Public Shared Function FromParetoCurve( _
        ByVal weights As ICollection(Of Decimal), _
        ByVal minSize As Decimal, ByVal maxSize As Decimal) _
        As ICollection(Of Decimal)
    'Convert each weight to its log value.
    Const BASE As Double = Math.E
    Dim logweights As New List(Of Decimal)
    For Each w As Decimal In weights
        logweights.Add(CDec(Math.Log(w, BASE)))
    Next
    'First, find the min and max weight.
    Dim min As Decimal = Decimal.MaxValue
    Dim max As Decimal = Decimal.MinValue
    For Each w As Decimal In logweights
        If w < min Then min = w
        If w > max Then max = w
    Next
    'Now calculate the slope of a straight line, from min to max.
    Dim slope As Double
    If max > min Then
        slope = (maxSize - minSize) / (max - min)
    End If
    'Get the value in the middle between minSize and maxSize.
    Dim middle As Double = (minSize + maxSize) / 2
    'Calculate the result for each of the weights.
    Dim output As New List(Of Decimal)
    For Each w As Decimal In logweights
        If (max <= min) Then
            'With max=min all tags have the same weight.
            output.Add(CDec(middle))
        Else
            'Calculate the distance from the minimum for this weight.
            Dim distance As Double = w - min

            'Calculate the position on the slope for this distance.
            Dim result As Double = CDec(slope * distance + minSize)
            'If the tag turned out too small, set minSize.
            If result < minSize Then result = minSize
            'If the tag turned out too big, set maxSize.
            If result > maxSize Then result = maxSize
            output.Add(CDec(result))
        End If
    Next
    Return output
End Function

Listing Three

Presentation

For determining font sizes, I encountered four techniques (Listing Four).
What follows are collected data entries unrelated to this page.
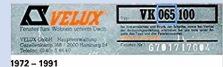
Bild 5/6: Dachflächenfenster, z. B. von Velux Baujahr bis 1991 mit z. B. diesen Typenschildern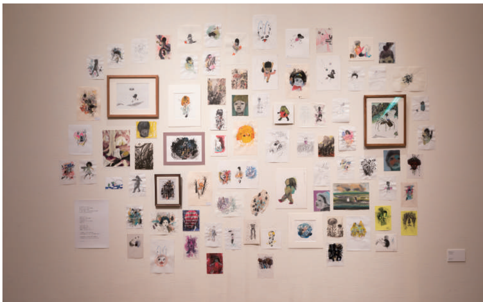
《日々のこと》 Daily things 2016-2021 / アクリル、墨、紙 2016-2021, acrylic, ink on paper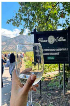
Incluye la copa como regalo.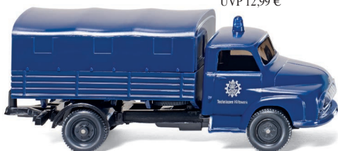
0693 20 THW - Pritschen-Lkw (Ford FK 2500) UVP 11,99 €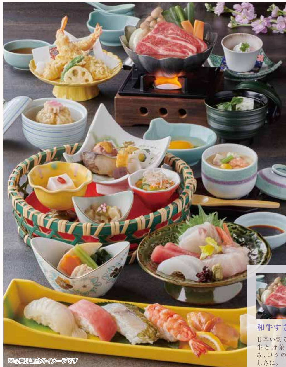
※写真は鳳台のイメージです

旨味にこだわった「出汁」に、旬の食材を活かす職人の「技」。音羽の季節感あふれる味覚会席をご堪能ください。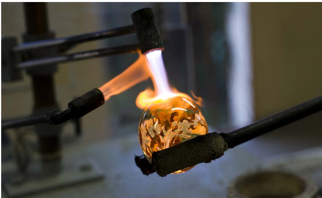
Verrerie de Soisy sur Ecole soufflage de verre

La France compte aujourd'hui plus de 1 000 établissements ou organismes de formation dédiés aux métiers d'art . Une diversité qui reflète la richesse du secteur. Des jeunes mais aussi de plus en plus d'adultes en reconversion peuvent y trouver leur orientation professionnelle, certains d'entre eux y découvrent même une vocation. Les métiers d'art sont des « professions passion » dont l'apprentissage requiert motivation et persévérance. Pour réussir, il faut beaucoup s'investir, diversifier les expériences et développer une certaine polyvalence en élargissant ses compétences à la gestion ou au design par exemple. Il existe diverses formations, la formation initiale permettant aux jeunes d'obtenir un diplôme et la formation professionnelle continue pour les adultes souhaitant se perfectionner, se reconvertir ou acquérir une qualification professionnelle ou un diplôme.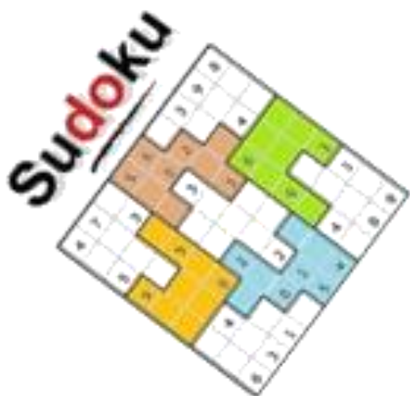
Jeu le Crack

Contacts GSM : 95563444-20556408☆☆☆ Email : atccm@laposte.net ☆☆☆ Site web: competitionmaths.net Page face book: Association Tunisienne de Competitions et de Culture Mathématiques CCB :05502000017546741622. (Banque de Tunisie)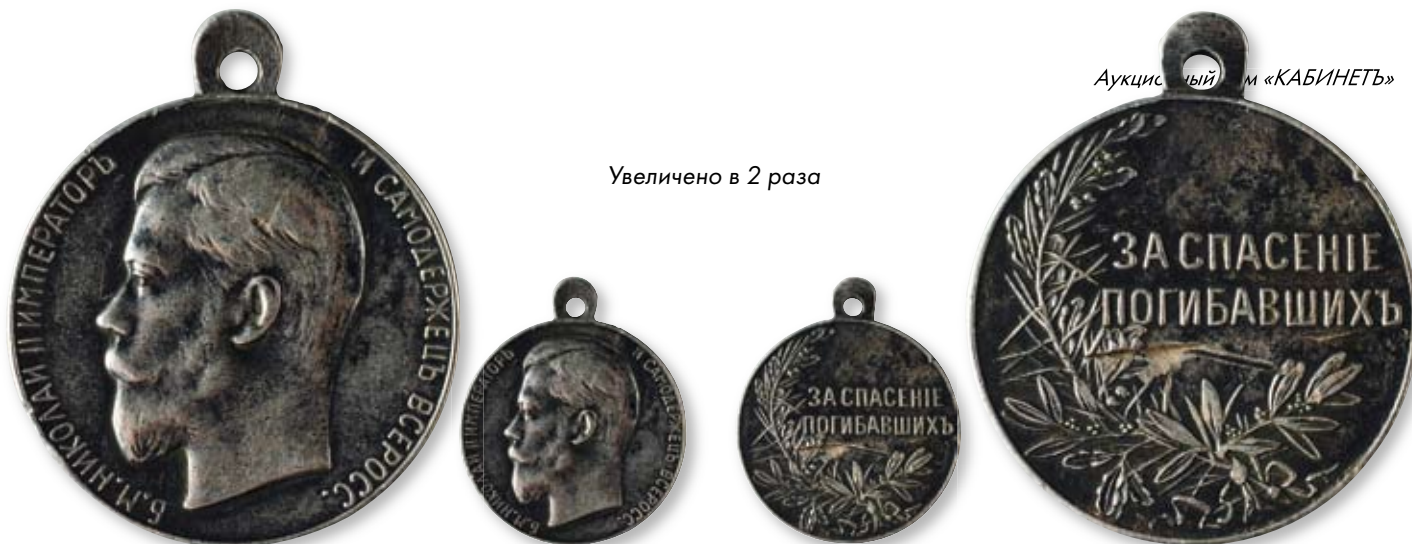
145 Медаль «За спасение погибавших» с портретом императора Николая II Санкт-Петербургский монетный двор. 1894-1904 гг. Диаметр 30 мм. Вес 16,9 г. Серебро

Утверждена 20 февраля 1834 г. для награждения граждан Российской империи за спасение людей во время пожаров, стихийных бедствий, за помощь утопающим, а также «за подвиги человеколюбия не при исполнении служебных обязанностей» с риском для собственной жизни.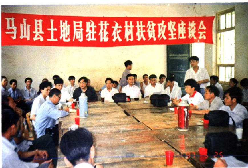
马山县土地局积极参与农村扶贫工作。图为县土地局召开的挂点花衣村扶贫座谈会。县委领导、自治区扶贫办领导、加方乡领导以及县土地局全体干部、扶贫联系户参加了座谈会。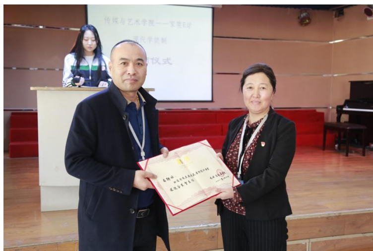
图 6 建筑室内设计专业拜师仪式领导合影

2019 级建筑室内 专业提出申 的 40 名学生 家 站开展了企业实 活动，分别 入了市场 ， ，施工 等相关工作岗位开展了 岗实 。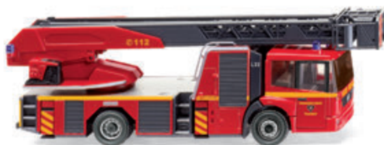
0627 03 Feuerwehr Lübeck – Metz DL 32 (MB Eonic) UVP 19 %: 28,89 € · Jetzt: UVP 19,99 €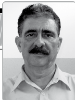
Por: Elias Pires

Então, se não for possível substituir todas as embalagens de plástico comum - e parece que tudo é embalado com plástico - o que precisamos é nos educar no sentido de separar todo esse plástico para ser reciclado, de maneira que não vá parar nos aterros sanitários, nos esgotos, nos rios, no mar, etc. E urgente, porque o meio ambiente já não aguenta tanto plástico. Pelo prazo que ele precisa para se degradar, os primeiros produtos feitos de plástico, aqueles do início do uso do plástico ainda não começaram a se decompor. Já imaginaram quanto plástico está acumulado na natureza?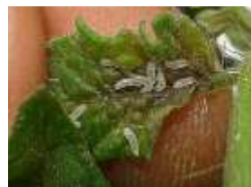
TESTIGO ABSOLUTO 7DDAI

Estudios realizados en el cultivo de Palma africana, para en el control ( Sagalasa valida ), recomiendan utilizar el insecticida GALIL a una dosis de 3,0 ml / palma,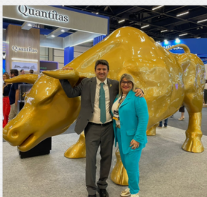
EXPERT XP 2024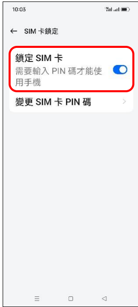
6. 鎖定 SIM 卡 → 關閉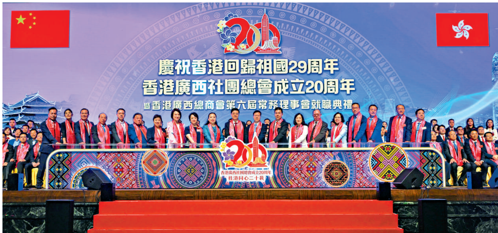
▲「慶祝香港回歸祖國29周年、香港廣西社團總會成立20周年暨香港廣西總商會第六屆常務理事會就職典禮」昨日舉行。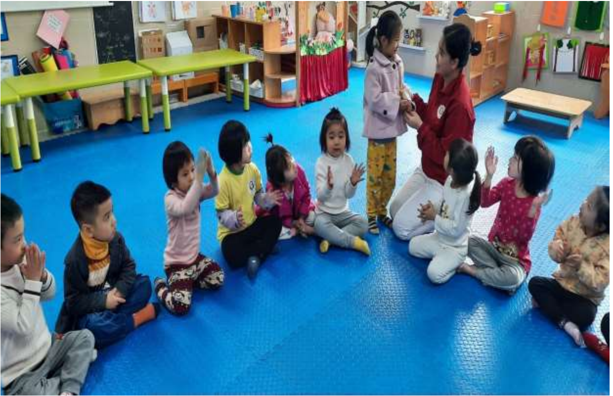
Hình ảnh 7 : Động viên , khen ngợi trẻ

You can see that both absolute (url1) and relative (url2) font sizes are used. You can also translate the weights to CSS class names (url3) or to multiple instances of sizing tags (url4). Undoubtedly, you will think of more alternatives that you would want to support with your code.

I don't address here how you create UI controls or bind HTML tags to data. I assume you can take the ideas from my examples and turn them into working code. Just remember that front-end developers are at least as stubborn as other software engineers. If you decide to create your own UI control, try to facilitate your front-end colleagues by making your HTML generator compatible with several of the techniques mentioned. This also applies to the context in which hyperlinks are placed. Some solutions use HTML for enumerating the text tags; others use spaces to separate them from each other. A UI designer might want other properties of the hyperlinks (such as the intensity of the color) to vary with the weight of the tags. A good UI control will not stand in the way of any creative ideas!

One last bit of advice: Consider that any spaces in tags (like in names of authors) can be replaced by ; while rendering the HTML. This saves front-end developers the effort of taking measures against undesirable wrapping of the tags.

Dim url1 As String = "<a href='{0}' style='font-size:{1}px;'>{2}</a>"
Dim url2 As String = "<a href='{0}' style='font-size:{1}em;'>{2}</a>"
Dim url3 As String = "<a href='{0}' class='class{1}'>{2}</a>"
Dim url4 As String = "<em>...<em><a href='{0}'>{2}</a></em>...</em>"

Listing Four

Conclusion

To sum up, there are different types of data that can serve as data sources for tag clouds and you can apply different algorithms to distribute font sizes more evenly among tag clouds. Using this information, you can build a generic solution in your own favorite environment that is applicable in many different situations. Hopefully, I will encounter some of your results the next time I am searching for good solutions.